178 lines (93 loc) · 18.4 KB

newgene

Build Instructions for Windows

Part 1: Building NewGeneBackEnd.lib in Visual Studio 2017

  1. Download Microsoft Visual Studio 2017

  2. Download the Boost libraries from this web site: https://www.boost.org/users/download/. The boost_1_67_0.zip file should work.

  3. Right click the zip file and click "Extract All". Note that it may take awhile for all of the files to be extracted. Make sure that the file path that these are extracted into does not have spaces (ex. of good file path: C:/NewGene/...).

  4. Follow the instructions to build the full set of Boost libraries from this web site: https://www.boost.org/doc/libs/1_67_0/more/getting_started/windows.html. Section 5.1 should be sufficient. Note: the Boost libraries are buggy. It is possible that a file may be missing. If this is the case, you can try manually adding that file to the folder, re-downloading the most up-to-date version of Boost, or downloading the previous version of Boost. i. Check that the built Boost libraries have vc-141 in their names. You may need to uninstall later versions of Visual Studio.

  5. Add the following environment variables to your Operating System (in Windows 10 go to Control Panel -> System and Security -> System -> Advanced System Settings -> Environment Variables): BOOST_ROOT and BOOST_LIB_MSVC12_X86. BOOST_ROOT should be set to the root Boost directory, and BOOST_LIB_MSVC12_X86 should be set to the directory containing the built Boost libraries.

  6. Download the NewGene code from here: https://github.com/daniel347x/newgene. Note: You will need to be added to the project in order to make any commits. This can be done upon request.

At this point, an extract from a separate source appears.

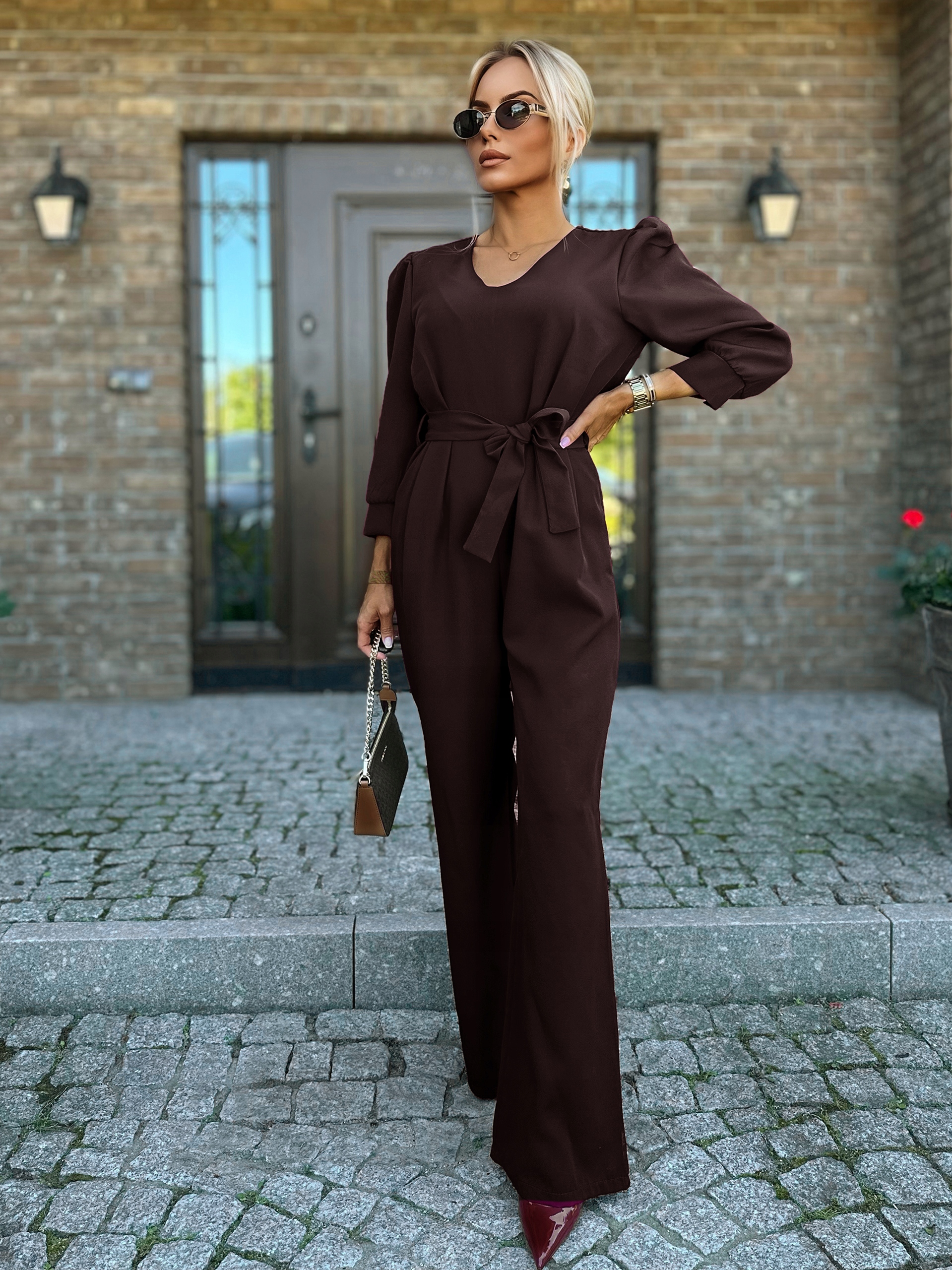 - вырез на талии, имеет тканевый пояс в цвет комбинезона

  7. In newgene/NewGeneBackEnd/Boost_Pool, you will find 3 C++ header files. These files should replace the 3 correspondingly named files from your downloaded Boost directory. These custom files had to be created due to the specific memory management requirements of NewGene.

  8. In Visual Studio open NewGeneBackEnd.sln (located in newgene/NewGeneBackEnd).

  9. Set the mode you wish to build from the top menu (most likely Release).

  10. Click "Build -> Build Solution". This will build the file NewGeneBackEnd.lib.

Part 2: Building NewGene.exe in Qt Creator

  1. Make sure the steps from Part 1 were successfully completed.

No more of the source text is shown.